Phosphoric acid is prepared by dissolving phosphorus (V) oxide, P4O10, in water. What is the
balanced equation for this reaction? How many grams of P4O10 are required to make 1.50 L
of aqueous solution containing 5.00% phosphoric acid by mass? The density of the solution
is 1.025 g/mL
The balanced equation for this reaction is:
P4O10 + 6H2O → 4H3PO4
To make 1.50 L of aqueous solution containing 5.00% phosphoric acid by mass, the amount of P4O10 required is:
1.50 L x 1.025 g/mL x 0.05 = 7.875 g
To determine the balanced equation for the reaction of phosphorus (V) oxide, P4O10, dissolving in water to form phosphoric acid, we need to consider the stoichiometry of the reaction.
The reaction can be represented as:
P4O10 + 6 H2O → 4 H3PO4
This equation shows that when 1 mole of P4O10 reacts with 6 moles of water, it forms 4 moles of H3PO4.
Next, we can move on to calculating the number of grams of P4O10 required to make 1.50 L of the solution containing 5.00% phosphoric acid by mass.
To calculate the mass of P4O10, we need to consider the molar mass of P4O10 and the percentage composition of the solution.
The molar mass of P4O10 is:
(4 * atomic mass of P) + (10 * atomic mass of O)
= (4 * 31.0) + (10 * 16.0)
= 124 + 160
= 284 g/mol
Next, we need to find the mass of phosphoric acid in the solution:
Mass of phosphoric acid = Volume of the solution * Density of the solution * Percentage composition of phosphoric acid by mass
= 1.50 L * 1.025 g/mL * 5.00%
= 7.6875 g
Since the stoichiometry of the reaction shows that 1 mole of P4O10 reacts to form 4 moles of H3PO4, we can set up a proportion to calculate the mass of P4O10:
(284 g P4O10) / (4 * 98.00 g H3PO4) = x g P4O10 / 7.6875 g H3PO4
Solving for x, the mass of P4O10 required:
x = (284 g P4O10 * 7.6875 g H3PO4) / (4 * 98.00 g H3PO4)
x ≈ 55.49 g
Therefore, approximately 55.49 grams of P4O10 are required to make 1.50 L of the aqueous solution containing 5.00% phosphoric acid by mass.
To find the balanced equation for the reaction of phosphorus (V) oxide, P4O10, with water to form phosphoric acid, we need to know the individual reactants and the products of the reaction.
The chemical formula for phosphoric acid is H3PO4. The reaction can be written as:
P4O10 + 6H2O → 4H3PO4
This balanced equation shows that 1 mole of P4O10 reacts with 6 moles of water to produce 4 moles of H3PO4.
Now, let's move on to the second part of the question, which asks for the amount of P4O10 required to make a 1.50 L aqueous solution containing 5.00% phosphoric acid by mass with a density of 1.025 g/mL.

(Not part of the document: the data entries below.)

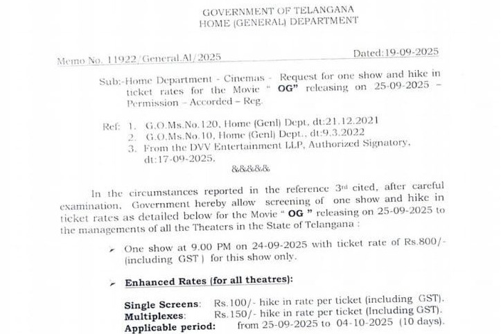 Fri 22:03 తెలంగాణలో పవన్ కల్యాణ్ 'ఓజీ' స్పెషల్ షోకు ప్రభుత్వం అనుమతి.. టికెట్ రేటు ఎంతంటే? పవన్ కల్యాణ్ 'ఓజీ' సినిమాకు తెలంగాణ సర్కార్ ప్రత్యేక అనుమతి విడుదలకు ముందు రోజు రాత్రి స్పెషల్ షోకు గ్రీన్ సిగ్నల్ సెప్టెంబర్ 24న రాత్రి 9 గంటలకు షో ప్రదర్శనకు అవకాశం టికెట్ ధరను రూ. 800 వరకు పెంచుకోవచ్చని వెసులుబాటు పవర్ స్టార్ అభిమానులకు ముందుగానే పండగ వాతావరణం Read full story
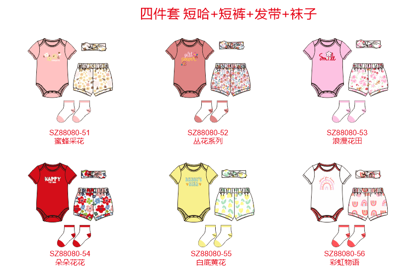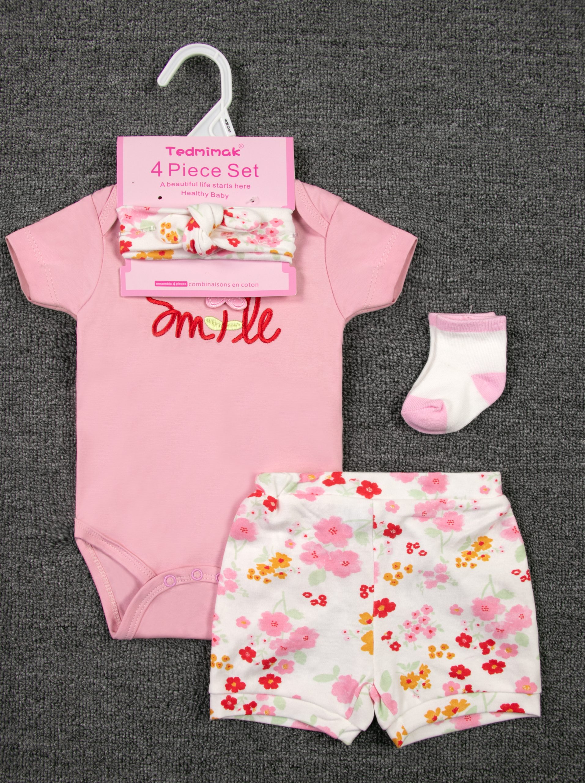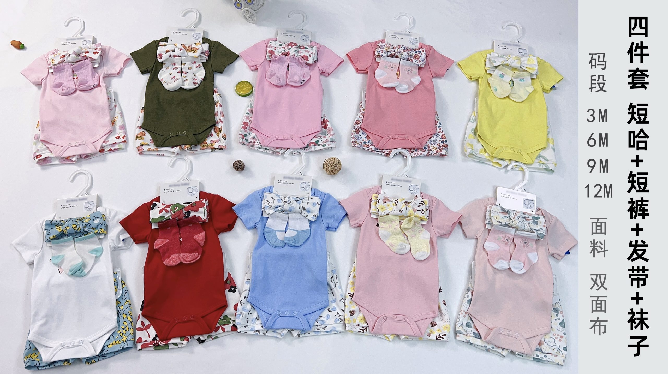| Material (Description) | Cotton baby bodysuit, shorts pants, bib, socks |
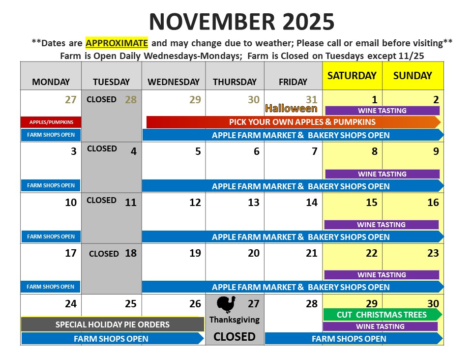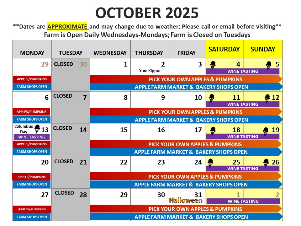 Here is our 2025 Harvest calendar with the APPROXIMATE dates that we were open. Please note the BEST time to pick APPLES is SEPTEMBER.
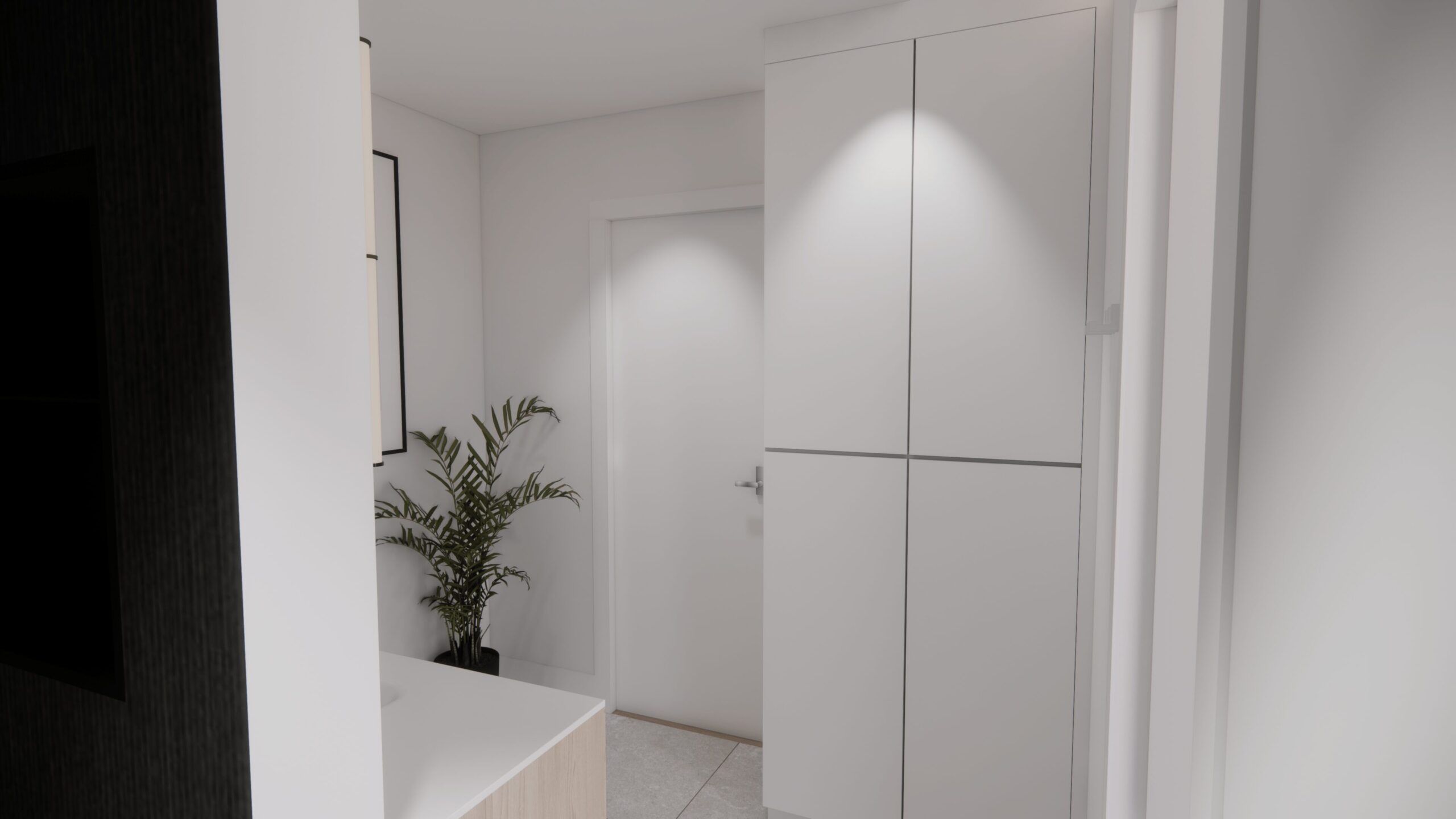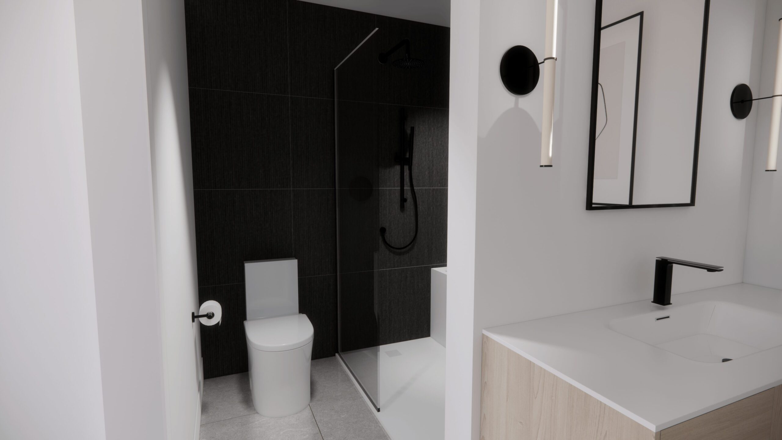 La salle de bain, conçue dans un style européen yin et yang, reflète la précision et le souci du détail propres à AMO Design. Chaque mètre carré a été optimisé pour allier praticité et esthétisme, créant un lieu intime et apaisant où confort et raffinement se rencontrent.

First, we need to determine the mass of the phosphoric acid in the solution. Since the solution is 5.00% phosphoric acid by mass, we can calculate the mass of the solution using the density:
Mass of solution = volume of solution × density
Mass of solution = 1.50 L × 1.025 g/mL = 1.5375 kg
To find the mass of phosphoric acid in the solution, we multiply the mass of the solution by the mass percent of phosphoric acid:
Mass of phosphoric acid = mass of solution × mass percent of phosphoric acid
Mass of phosphoric acid = 1.5375 kg × (5.00/100) = 0.076875 kg
Next, we need to calculate the number of moles of phosphoric acid using its molar mass, which is 97.99 g/mol:
Moles of phosphoric acid = mass of phosphoric acid / molar mass of phosphoric acid
Moles of phosphoric acid = 0.076875 kg × (1000 g/kg) / 97.99 g/mol = 0.7846 mol
Finally, we can determine the number of moles of P4O10 required using the balanced equation. From the equation, we know that 4 moles of H3PO4 are produced from 1 mole of P4O10:
Moles of P4O10 = moles of phosphoric acid / (4 mol H3PO4 / 1 mol P4O10)

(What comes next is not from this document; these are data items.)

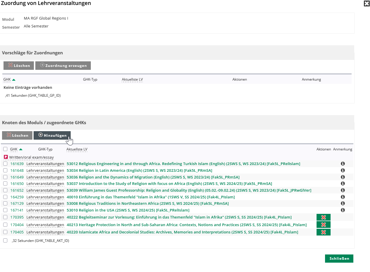 Die Entscheidung, ob eine LV mit einem Modul verknüpft werden kann, ist eine fachliche. Bei Fragen wenden Sie sich am besten direkt an die für das Modul verantwortliche Person.
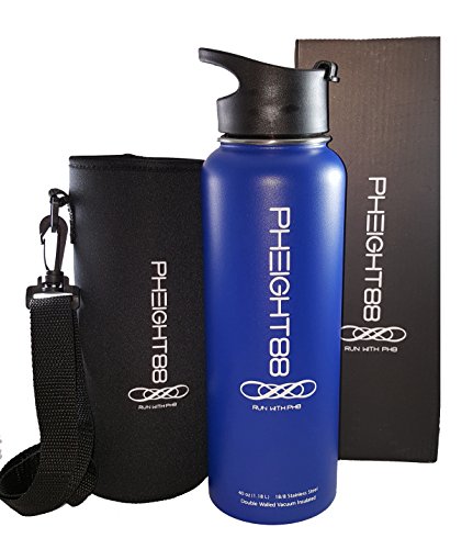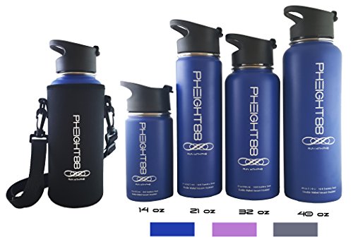 Stainless Steel Water Bottle with Black Case Holder by Pheight88 | Vacuum Insulated Double Walled, BPA-Free + Run with Ph8 (fate)+ 14 oz, 21 oz, 32 oz, 40 oz
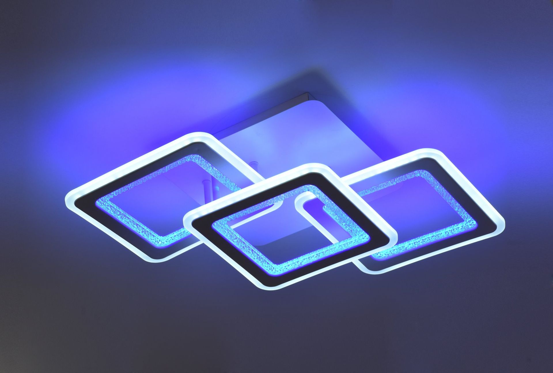 Благодаря пропорциональным размерам – длина 650 мм, ширина 350 мм и высота 120 мм, эта люстра идеально подходит для разных интерьерных стилей, придавая им свежесть и гармонию. Три акриловых плафона квадратной формы приводят к изяществу дизайна, создавая современный вид.

Moles of P4O10 = 0.7846 mol / (4 mol / 1) = 0.19615 mol
To convert moles to grams, we can use the molar mass of P4O10, which is 283.88 g/mol:
Mass of P4O10 = moles of P4O10 × molar mass of P4O10
Mass of P4O10 = 0.19615 mol × 283.88 g/mol = 55.67 g
Therefore, approximately 55.67 grams of P4O10 are required to make 1.50 L of the aqueous solution containing 5.00% phosphoric acid by mass.